How to jointly optimize action detector and trajectory diffuser?

Question

How to jointly optimize action detector and trajectory diffuser?

ManUtdMoon opened this issue a year ago · 6 comments

Dear authors,

Thank you for your inspiring work!

I noticed that in the ChainedDiffuser paper your mentioned that "...train both the action detector and the trajectory diffuser jointly" and "we train the first 2 terms till convergence, and then add the 3rd term for joint optimization". However, I did not see that there are codes for joint optimization because the only model in main_trajectory.py is a DiffusionPlanner.

Would you please explain more about the actual joint training of Act3d and DiffusionPlanner?

Regards,
Dongjie

Answer 1 · 2023-12-26T20:45:55.000Z

Hi, in our latest exps we found that simply training the models separately would yield similar/even better performance. Joint training is not needed any more.

Answer 2 · 2023-12-27T00:46:26.000Z

Hi, in our latest exps we found that simply training the models separately would yield similar/even better performance. Joint training is not needed any more.

Hi Zhou, thank you for your quick reply!

I think seperate training needs relabeling of the keypose. Could you please show me how it is done in the code？ Thank you！

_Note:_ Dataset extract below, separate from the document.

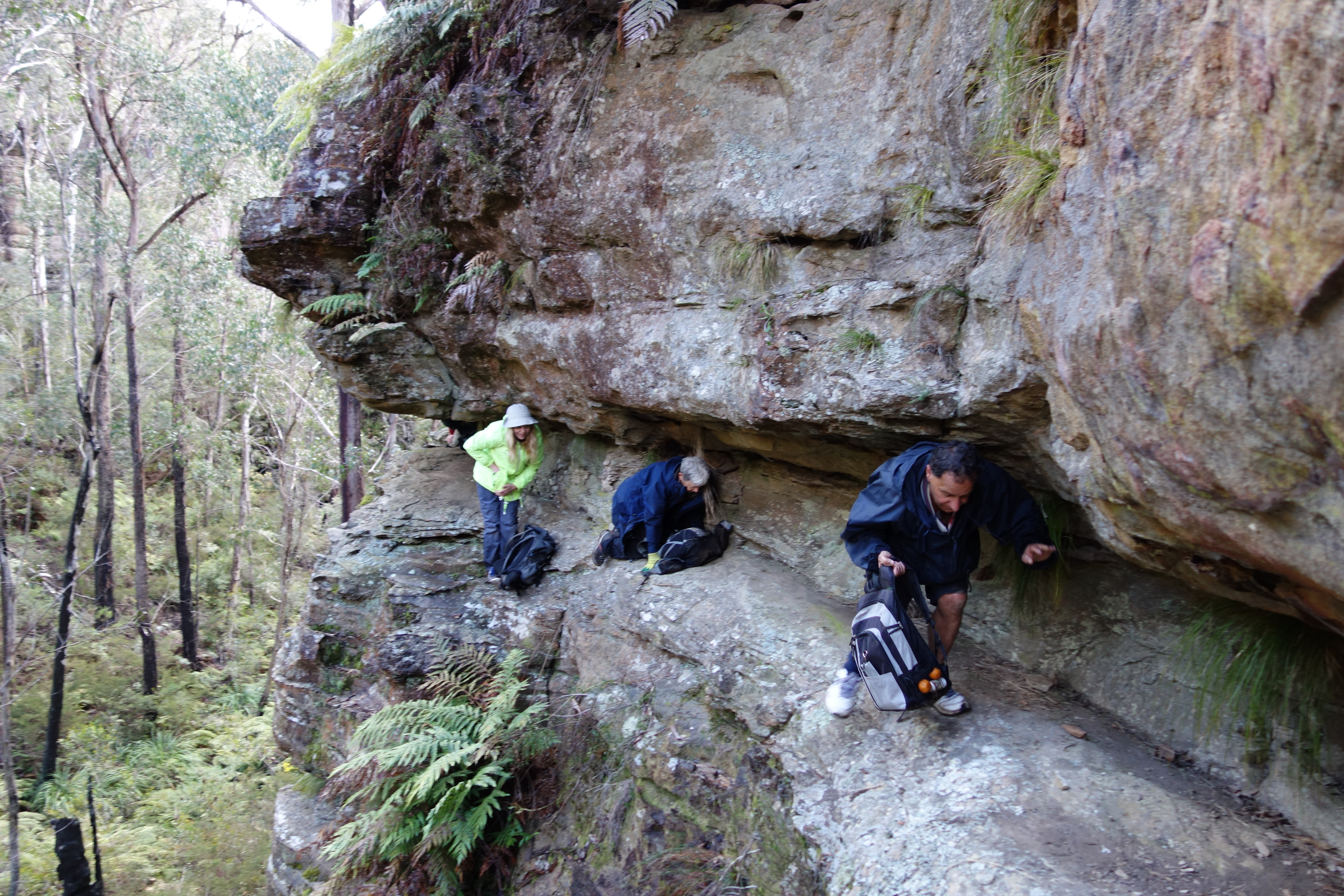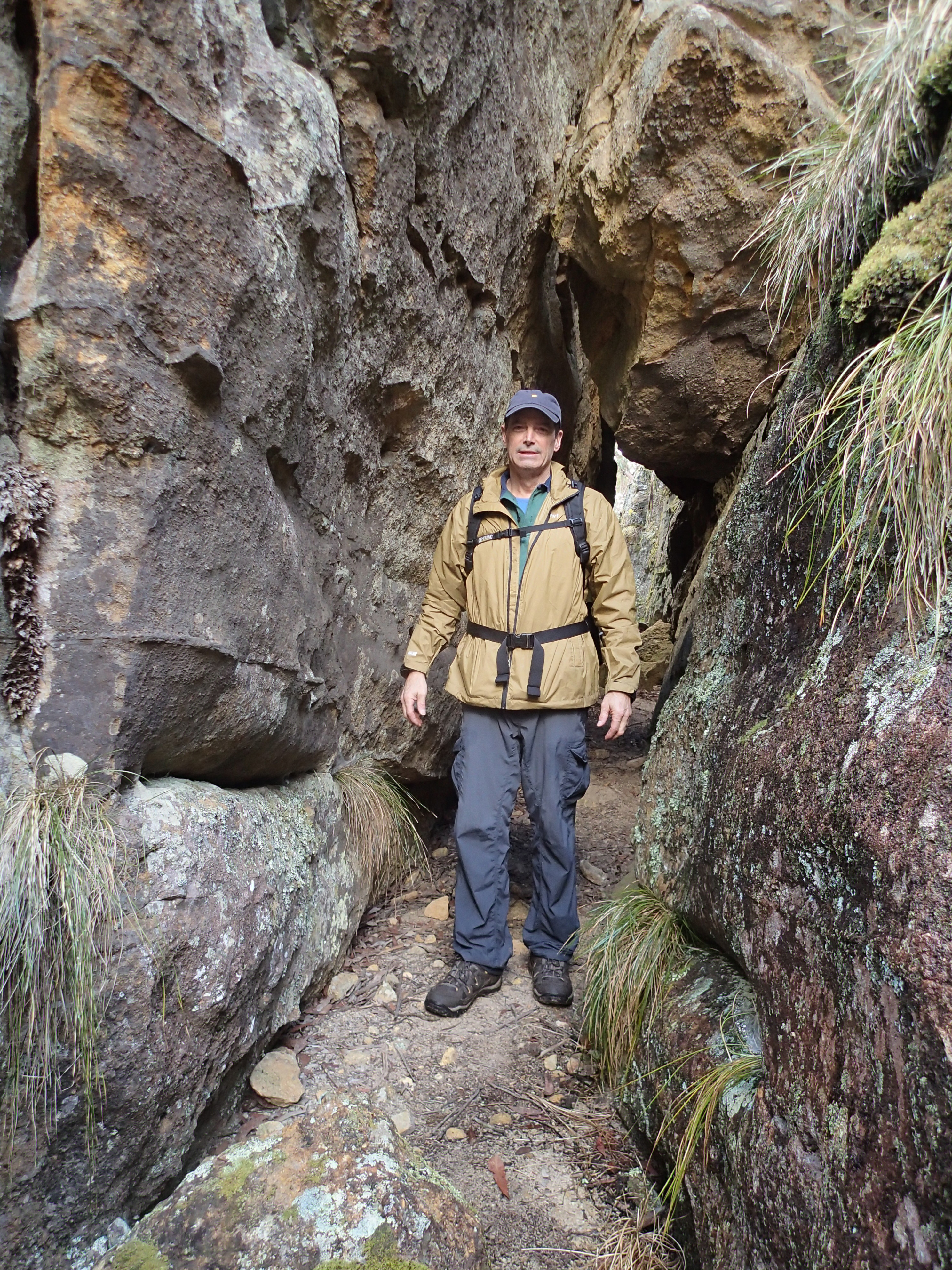 We then came to a narrow slot between two huge rock features which we had to pass through, followed by the trickiest part of the walk as we had to crawl along a very narrow ledge. With a hint of black humour this feature was quickly named the Ledge of Death. We took off our packs and slowly scraped our way along, trying hard not to slip off the ledge and at the same time not hit our head on the overhang. I managed to at least achieve one of those objectives.

Answer 3 · 2023-12-27T01:13:00.000Z

What do you mean relabeling? We use the same strategy for both act3d and chained diffuser for extracting keyframes.

…

On Tue, Dec 26, 2023 at 4:46 PM Dongjie Yu ***@***.***> wrote: Hi, in our latest exps we found that simply training the models separately would yield similar/even better performance. Joint training is not needed any more. Hi Zhou, thank you for your quick reply! I think seperate training needs relabeling of the keypose. Could you please show me how it is done in the code？ Thank you！ — Reply to this email directly, view it on GitHub <#11 (comment)>, or unsubscribe <https://github.com/notifications/unsubscribe-auth/AEV4V6OHGFX73HADGXKNZHTYLNVWZAVCNFSM6AAAAABBDMKP3GVHI2DSMVQWIX3LMV43OSLTON2WKQ3PNVWWK3TUHMYTQNRZHA2DMNBYGQ> . You are receiving this because you commented.Message ID: ***@***.***>

Answer 4 · 2023-12-27T01:17:19.000Z

The paper mentioned that goal gripper pose is not ground truth but predicted by the action detector. Therefore, during training, I think the target keypose should be relabeled by act3d instead of taking from the ground truth. Is there something wrong with my understanding？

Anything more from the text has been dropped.